*** Opening of Data for review ***

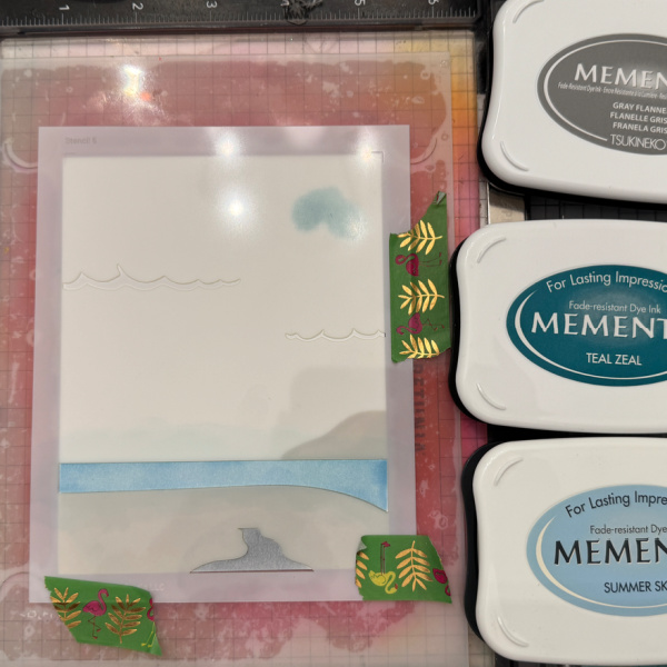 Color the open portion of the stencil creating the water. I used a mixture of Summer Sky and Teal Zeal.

*** Close of Data for review ***
*** Opening of Data for review ***

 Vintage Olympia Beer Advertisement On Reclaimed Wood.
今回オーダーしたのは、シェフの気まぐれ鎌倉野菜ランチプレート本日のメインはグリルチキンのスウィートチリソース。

*** Close of Data for review ***

* **Exercise details**
Above are the lines; repeat exactly the ones from the line containing "Vintage Olympia Beer" down to the line containing "今回オーダーしたのは、シェフ", both inclusive.

* **Answer to this task**
 Vintage Olympia Beer Advertisement On Reclaimed Wood.
今回オーダーしたのは、シェフの気まぐれ鎌倉野菜ランチプレート本日のメインはグリルチキンのスウィートチリソース。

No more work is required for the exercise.